Откуда, откуда в нас столько пренебрежения к себе? Мы пинаем свои мечты – ногами, грубым смехом, злыми сомнениями… Не надо, слышишь? Перестань доказывать, что ни на что не способен, не изводи себя придирками – делай. Давай не будем обижаться на жизнь?
«Прекрати не верить в себя», «прекрати не верить в себя», «прекрати не верить в себя»… На кухне или в кафе, на вечеринке или на ответственном мероприятии – где бы я ни была, иногда это заклинание важнее других слов.
Ты хороший. Серьезный и смешной, собранный и запутавшийся, иногда – несчастный и грубый, отчаявшийся и странный. Тебе есть за что себя любить. Ошибаются все. Пожалуйста, верь, верь в себя.
Засыпает река, дорога к грязно-желтому пляжу, по домам расходятся дети. Мы говорим. Сколько еще балконных и кухонных откровений мы проживем вместе и порознь? Кто будет задавать нам вопросы и обнимать своими заклинаниями?
Я запиваю сладкие пенки остывшим чаем и растягиваюсь на кровати. Завтра – новый день. Хорошо, что рядом Наташа – мой свет, который помогает верить в себя. Иногда и у волшебников не остается на это сил.
Это лето целует меня в лоб, как тот мальчишка в дешевом кафе. Нежно и без спроса. Милый, ты мне тоже нравился. Пойми, мы не совпали по времени, сыграв в «Загадочную историю Бенджамина Баттона», так бывает. Но Бог – самый мудрый сценарист, верь мне.

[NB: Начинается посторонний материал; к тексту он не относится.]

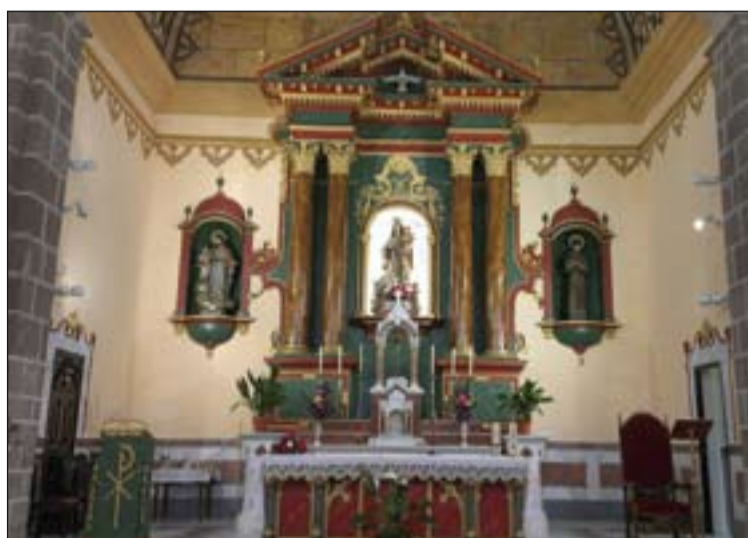
Iglesia del Carmen, tras la restauración.

En otro orden de cosas, la Delegación Episcopal para las Migraciones, con la colaboración de la Delegación para la Cooperación Misionera, han convocado y celebrado en Mérida, en la Parroquia de Cristo Rey, la Eucaristía y posterior convivencia con un nutrido grupo de inmigrantes de varios países, sobre todo de Hispanoamérica y África.

В пятницу провожаю июнь, пролетая на машине мимо лугов с иван-чаем. Июль встречаю, купаясь ночью в озере. За деревьями прячется морковного цвета луна, комары преследуют – впали в амок, как герои новеллы Цвейга.
Июнь вновь прозвучал коротким «Ах!» – голова кружится, я не успеваю опомниться. По дороге домой пинаю тополиный пух и понимаю, что теперь не так важно – жаркий июнь или депрессивный ноябрь, свежий май или злобный февраль. Я больше не жду лета так жадно, как в школе. Я смогла поймать «хорошо», которое не зависит от времени года. Повзрослела.
Спокойного счастья больше, география поцелуев – ниже и ниже. Но иногда так хочется, чтобы от всего происходящего было вот то ощущение неуловимой нежности, как от неловких касаний губами. Забегаловка в центре города. Очень юные мы. Тебе нужно наклониться, а мне встать на цыпочки. Мы смеемся. Нам кажется, что и лето, и мы – навсегда. Мы будем всегда. Да-да.
Ирина Карташова
Родилась и выросла в Тулуне Иркутской области. Окончила факультет филологии и журналистики Иркутского государственного университета. Работала журналистом, редактором, пресс-секретарем. Живет в Москве. Пишет повести и рассказы.
Просто вылитая
Саша просыпается рано. Включает радио и начинает разговаривать – с ним и с самой собой. «Зиминский, Куйтунский и Тулунский районы перевыполнили план по молоку», – бодро вещает диктор сквозь потрескивание старого приемника. Вот и хорошо, вот и славно, будем с молоком, значит.
Она сноровисто заправляет кровать. Матрасы серые и тощие от возраста, несколько штук один на другом, чтоб было помягче (не помогает), подушки тоже уже изрядно всхуднувшие, зато постельное белье чистое, накрахмаленное, похрустывает, любо-дорого поглядеть.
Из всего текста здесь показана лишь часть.